Ambon, Indolensa – Penetapan status bandara internasional di Maluku justru disambut kritik tajam dari Dewan Perwakilan Rakyat Daerah (DPRD) Provinsi Maluku. Komisi II DPRD secara blak-blakan menyoroti kesiapan sektor pariwisata daerah yang dinilai masih belum siap menyambut arus kunjungan internasional, bahkan terkesan “setengah matang”.
Kekhawatiran tersebut disampaikan dengan nada keras oleh Suanthie John Laipeny, Wakil Ketua Komisi II sekaligus Ketua Fraksi Partai Gerindra DPRD Provinsi Maluku.
”Bandara sudah internasional, masa’ pariwisata jalan di tempat? Kita butuh manajer jempolan untuk menggarap potensi ini!” cetus Laipeny dalam Rapat Dengar Pendapat, Senin (24/11/25).
Dewan tidak hanya menyoroti perlunya kompetensi manajerial, tetapi juga “menyentil” minimnya kualitas atraksi wisata yang ditawarkan Maluku. Anggota dewan mengeluhkan sejumlah aspek krusial:
- Pudarnya Seni Tradisional: Pertunjukan seni daerah yang memikat dan berkarakter dinilai semakin jarang ditemui.
- Hiburan: Minimnya fasilitas live music atau hiburan malam yang berstandar internasional.
- Fasilitas Bahari: Kondisi fasilitas diving (menyelam) dan pendukung wisata bahari lainnya yang dinilai ala kadarnya.
”Wisatawan mau lihat apa? Gedung dicat doang? Pertunjukan seni yang bikin merinding udah jarang! Fasilitas diving juga seadanya,” keluh salah satu anggota dewan, menunjukkan kekecewaan terhadap produk wisata Maluku saat ini.
Isu lain yang dianggap menghambat daya saing pariwisata Maluku adalah mahalnya biaya transportasi. Anggota dewan menyoroti tingginya ongkos yang harus dikeluarkan wisatawan, khususnya untuk perjalanan dari dan menuju bandara.
”Kita selalu kalah sama transportasi! Masa’ dari Ambon ke bandara saja jutaan? Ini menjadi duri dalam daging yang harus segera diatasi,” tegas mereka, menekankan bahwa harga yang tidak kompetitif membuat Maluku sulit bersaing dengan destinasi lain.
Untuk memicu gebrakan dan mencegah Maluku terus tertinggal, DPRD secara khusus mendorong Dinas Pariwisata untuk segera menimba ilmu dari Nusa Tenggara Timur (NTT), yang dinilai sukses dalam mengelola pariwisata bahari.

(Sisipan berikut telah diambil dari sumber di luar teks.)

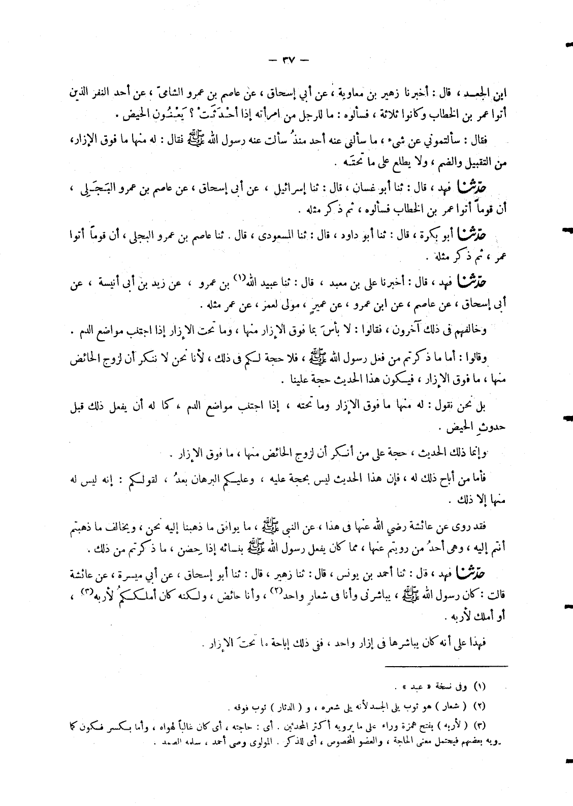 4381 - حَدَّثَنَا فَهْدٌ قَالَ: ثنا أَحْمَدُ بْنُ يُونُسَ قَالَ: ثنا زُهَيْرُ قَالَ: ثنا أَبُو إِسْحَاقَ , عَنْ أَبِي مَيْسَرَةَ , عَنْ عَائِشَةَ , قَالَتْ: «كَانَ رَسُولُ اللهِ صَلَّى اللَّهُ عَلَيْهِ وَسَلَّمَ , §يُبَاشِرُنِي وَأَنَا فِي شِعَارٍ وَاحِدٍ , وَأَنَا حَائِضٌ , وَلَكِنَّهُ كَانَ أَمْلَكَكُمْ لِأَرَبِهِ , أَوْ أَمْلَكَ لِأَرَبِهِ» فَهَذَا عَلَى أَنَّهُ كَانَ يُبَاشِرُهَا فِي إِزَارٍ وَاحِدٍ , فَفِي ذَلِكَ إِبَاحَةُ مَا تَحْتَ الْإِزَارِ. -[38]- فَلَمَّا جَاءَ هَذَا عَنْهَا , وَقَدْ جَاءَ عَنْهَا أَنَّهُ كَانَ يَأْمُرُهَا أَنْ تَتَّزِرَ ثُمَّ يُبَاشِرُهَا , كَانَ هَذَا - عِنْدَنَا - عَلَى أَنَّهُ كَانَ يَفْعَلُ هَكَذَا مَرَّةً , وَهَكَذَا مَرَّةً , وَفِي ذَلِكَ إِبَاحَةُ الْمَعْنَيَيْنِ جَمِيعًا. وَقَدْ رُوِيَ عَنْ رَسُولِ اللهِ صَلَّى اللَّهُ عَلَيْهِ وَسَلَّمَ مِنْ غَيْرِ هَذَا الْوَجْهِ , مَا يُوَافِقُ هَذَا الْقَوْلَ الَّذِي صَحَّحْنَا عَلَيْهِ حَدِيثَيْ عَائِشَةَ رَضِيَ اللهُ عَنْهَا , لِلَّذِينَ ذَكَرْنَا

”NTT itu jagoan wisata bahari! Kita bisa belajar jalur pelayaran selatan-selatan mereka, membawa kapal-kapal wisata masuk ke Maluku!” usul anggota dewan.
DPRD berharap Dinas Pariwisata segera mengambil langkah konkret, termasuk mengadopsi model pengembangan pariwisata terintegrasi yang telah berhasil diterapkan oleh provinsi tetangga, demi mengimbangi status baru bandara internasional yang memerlukan dukungan sektor pariwisata yang kuat dan matang.